Qihua Tan, Epidemiology, Institute of Public Health, University of Southern Denmark, J. B. Winsløws Vej 9B, DK-5000 Odense C, Denmark. Tel.: 0045 65503536; fax: 0045 65411911; e-mail: email@example.com
Genetic interactions or epistasis could make a substantial contribution to variation in human complex traits including longevity. However, detecting epistatic interactions in high dimensional datasets is difficult due to various reasons including multiple testing of correlated tests. We introduce a novel permutation strategy to the case-only analysis of gene-by-gene interaction using multiple SNPs. The method is applied to genes coding for Forkhead box O transcription factors which recently have been associated with human longevity across different populations hypothesizing that epistatic interaction in the regulation and expression of the FOXO gene family could contribute to the human longevity phenotype. Genotype data were collected from 1088 individuals from the Danish 1905 birth cohort aged over 92–93 years with 12 SNPs in the FOXO1a and 15 SNPs in the FOXO3a genes. Our analysis detected a joint effect between rs9486902 in FOXO3a and rs2701858 in FOXO1a that highly significantly contributes to human longevity (OR = 3.23, 95% CI: 2.93–3.53) which is consistent in both males and females. Our results were compared with published studies, and importance of our novel method and findings was discussed.

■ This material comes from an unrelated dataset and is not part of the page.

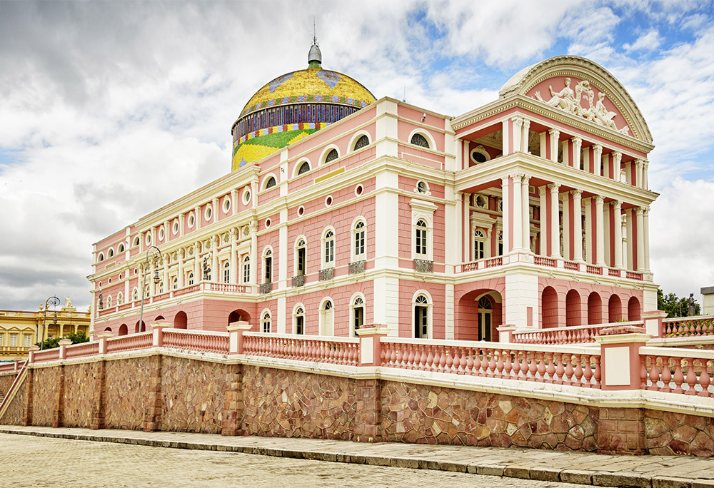 Мы стоим на мостовой у Амазонского театра – пожалуй, самого эклектичного театра в мире. Розовый фасад в неоклассическом стиле увенчан куполом, покрытым яркой мозаикой. Купол похож на те, что можно увидеть на средневековых мечетях. Кажется, что его приделали к зданию случайно: уж слишком он «выпадает» из архитектурной концепции. С другой стороны, эта особенность делает Театро Амазонас узнаваемым. Будь он просто красивым зданием, без изюминки, – его было бы труднее запомнить.

Complex diseases or phenotypes like longevity may have multiple genetic and environmental causes. The complexity arises from the fact that many genetic and environmental factors may interact with each other such that the expression of the phenotype may not be accurately predictable based on knowledge of the individual effects for each of the component factors considered alone. Genetic interactions or epistasis could hold the key to understanding of complex conditions such as Alzheimer's disease and diabetes (Carlborg & Haley, 2004; Moore, 2005). Recently, epistatic interactions have been used to explain the ‘missing heritability’ in genome-wide association studies (GWAS) (Zuk et al., 2012) which assume that genetic variants act in an additive and independent manner. However, detecting epistatic interactions in high dimensional datasets is difficult because of the computational complexity due to all possible combinations of genetic variations across loci and problem of multiple testing under high dependence. As one solution, a recently proposed approach employs biological knowledge, such as functional pathway, to narrow down the evaluation to gene combinations with biologically concise reasons (Ma et al., 2012).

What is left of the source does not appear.